Classroom implication: Set A-level Psychology students the task of applying each of the three Belmont principles to Milgram's original design, then asking whether Burger's modified 2009 version satisfactorily resolves each concern.

Ethical Controversies and Research Standards

The Milgram experiment fundamentally transformed how psychological research is conducted, particularly regarding participant welfare. Many participants experienced severe stress during the study, with some showing signs of extreme anxiety, sweating profusely, and even experiencing nervous laughter or seizures. The deception involved, where participants genuinely believed they were harming another person, raised serious questions about the psychological damage inflicted in the name of science.

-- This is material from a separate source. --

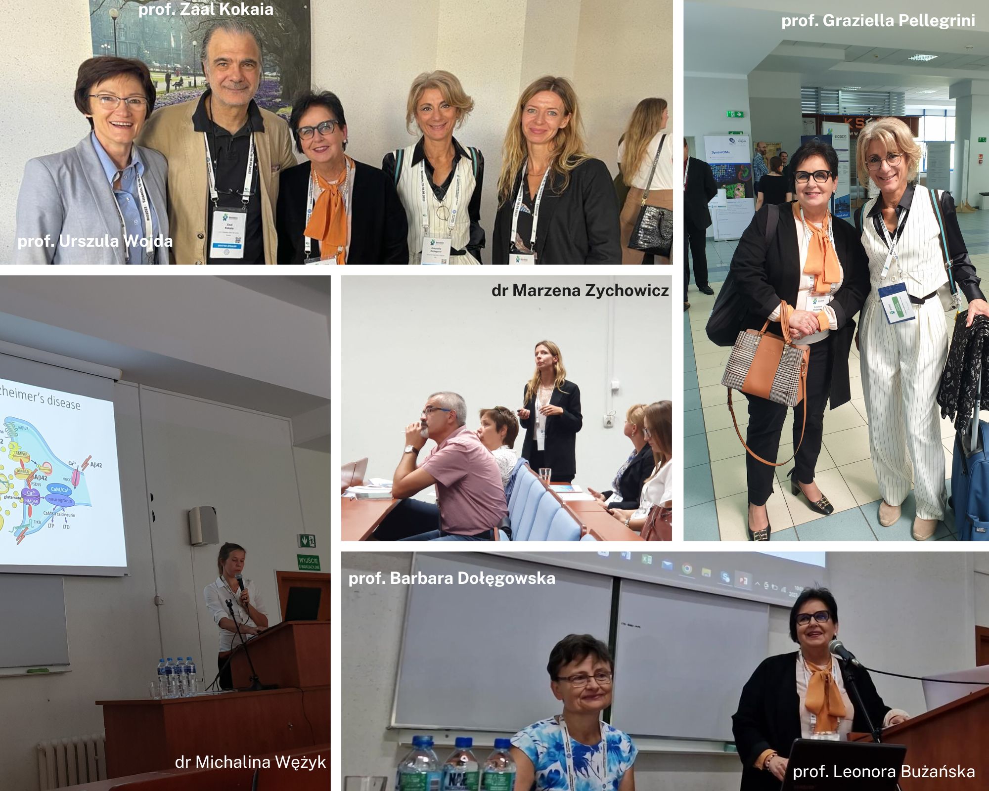 Profesor Leonora Bużańska, wraz prof. Barbarą Dołęgowską (prezydentem BIO 2023, PUM) przewodniczyły Sesji „Stem Cells Biochemistry”, w której wykładowcami byli prof. Zaal Kokaia (Stem Cell Center, Department of Clinical Sciences, Lund University, Sweden), prof. Gustav Steinhoff (University Rostock, Germany) oraz Leonora Bużańska (Zakład Bioinżynierii Komorek Macierzystych IMDiK PAN). Profesor Zaal Kokaia w fascynujący sposób opowiadał o funkcjonalnej integracji ludzkich reprogramowanych neuronów i oligodendrocytów do sieci neuronalnej in vitro hippokampa ludzkiego, podczas gdy prof. Steinhoff mówił o zastosowaniu komórek macierzystych i roli sztucznej inteligencji w leczeniu schorzeń kardiologicznych. Profesor Leonora Bużańska wprowadziła słuchaczy w świat ludzkich organoidów mózgu i mówiła o zmianach mitochondrialnych towarzyszących wczesnemu rozwojowi ludzkiego mózgu. Doktor Michalina Wężyk (Zakład Neurogenetyki i Genomiki Funkcjonalnej IMDiK PAN) w sesji „Signaling pathways and cellular regulation” mówiła o zaburzeniach synaptycznych w modelu choroby Alzheimera otrzymanego z indukowanych komórek pluripotencjalnych pacjenta. Doktor Marzena Zychowicz (Zakład Bioinżynierii Komórek Macierzystych IMDiK PAN) w sesji „Biomaterials, cells and their interactions” przestawiła wyniki badań nad mechanizmem molekularnym mechanotransdukcji w komórkach macierzystych iPSC i mezenchymalnych w różnych rusztowanach biomateriałowych 3D.

These ethical violations led to the establishment of strict research guidelines that remain in place today. Modern studies require informed consent, where participants must understand what they're agreeing to, and researchers must ensure minimal psychological harm. Institutional Review Boards now scrutinise all research proposals involving human participants, making experiments like Milgram's impossible to replicate in their original form.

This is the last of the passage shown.